* Dataset content
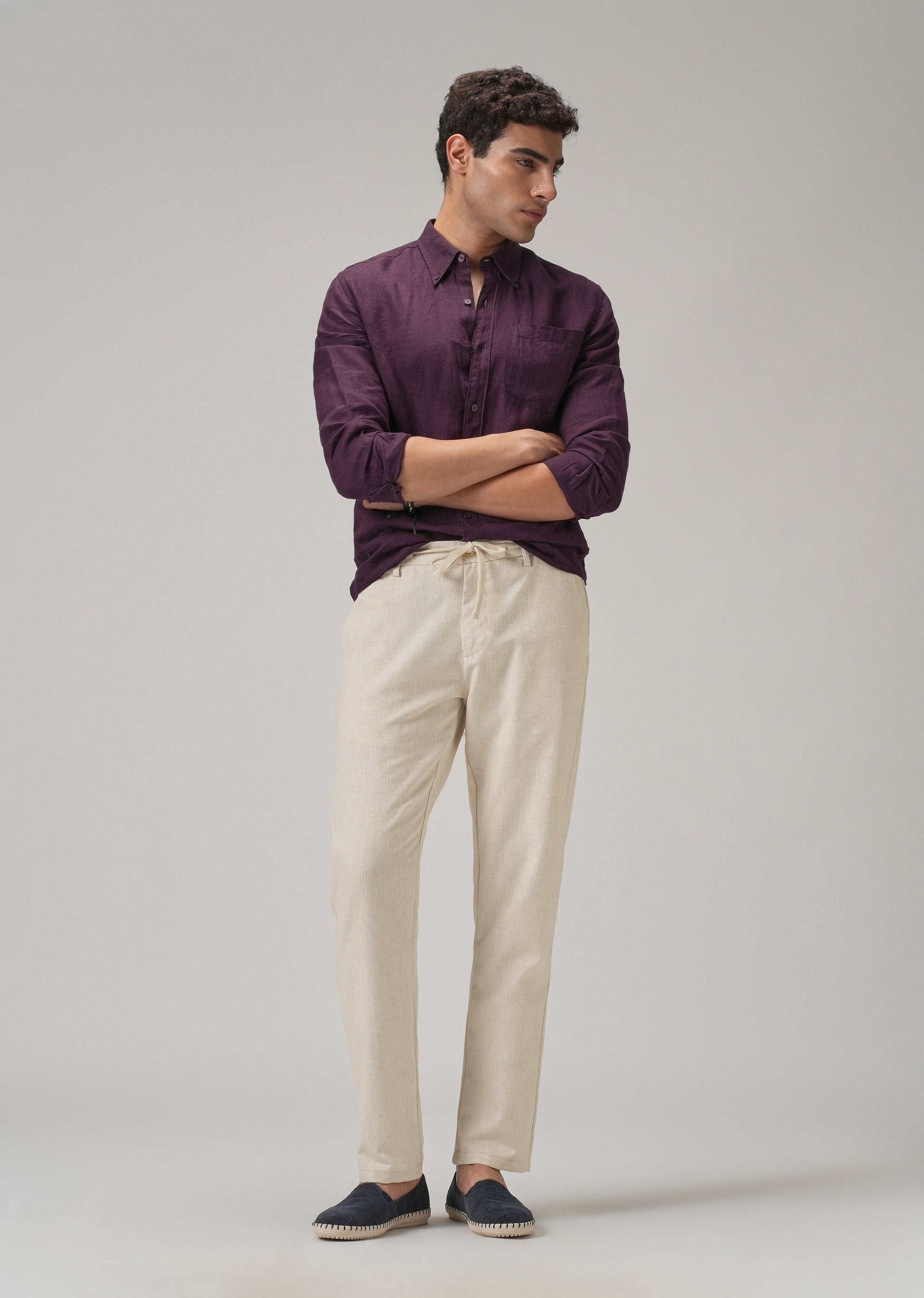 Designed for movement and made to keep up - these trousers feature an elasticated waist with a concealed drawstring, so you get a clean look without losing comfort. Crafted in a blended linen fabric, with belt loops and four functional pockets, this pair balances laid-back feel with everyday polish.
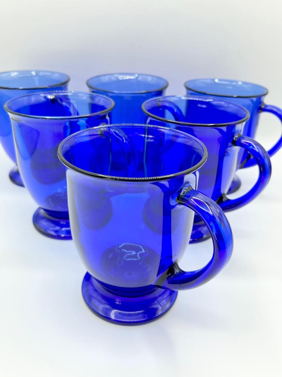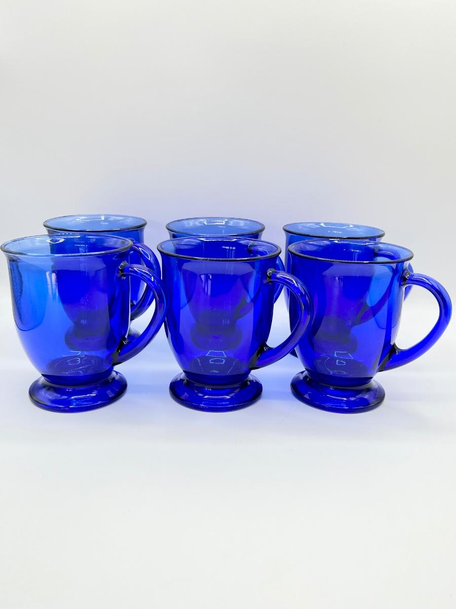 ANCHOR HOCKING ~ Cafe Cobalt Blue Mugs ~ Set Of Six (6)
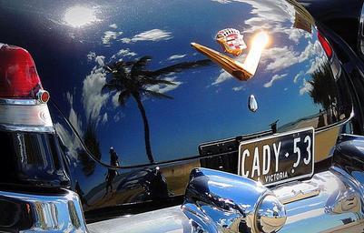 Keywords: car bumper chrome automobile motor old vintage reflection palm trees beach shiny classic car

* Work request
Reproduce the listing word for word. Do not carry over the pictures.

* Response for this exercise
 Designed for movement and made to keep up - these trousers feature an elasticated waist with a concealed drawstring, so you get a clean look without losing comfort. Crafted in a blended linen fabric, with belt loops and four functional pockets, this pair balances laid-back feel with everyday polish.
 ANCHOR HOCKING ~ Cafe Cobalt Blue Mugs ~ Set Of Six (6)
 Keywords: car bumper chrome automobile motor old vintage reflection palm trees beach shiny classic car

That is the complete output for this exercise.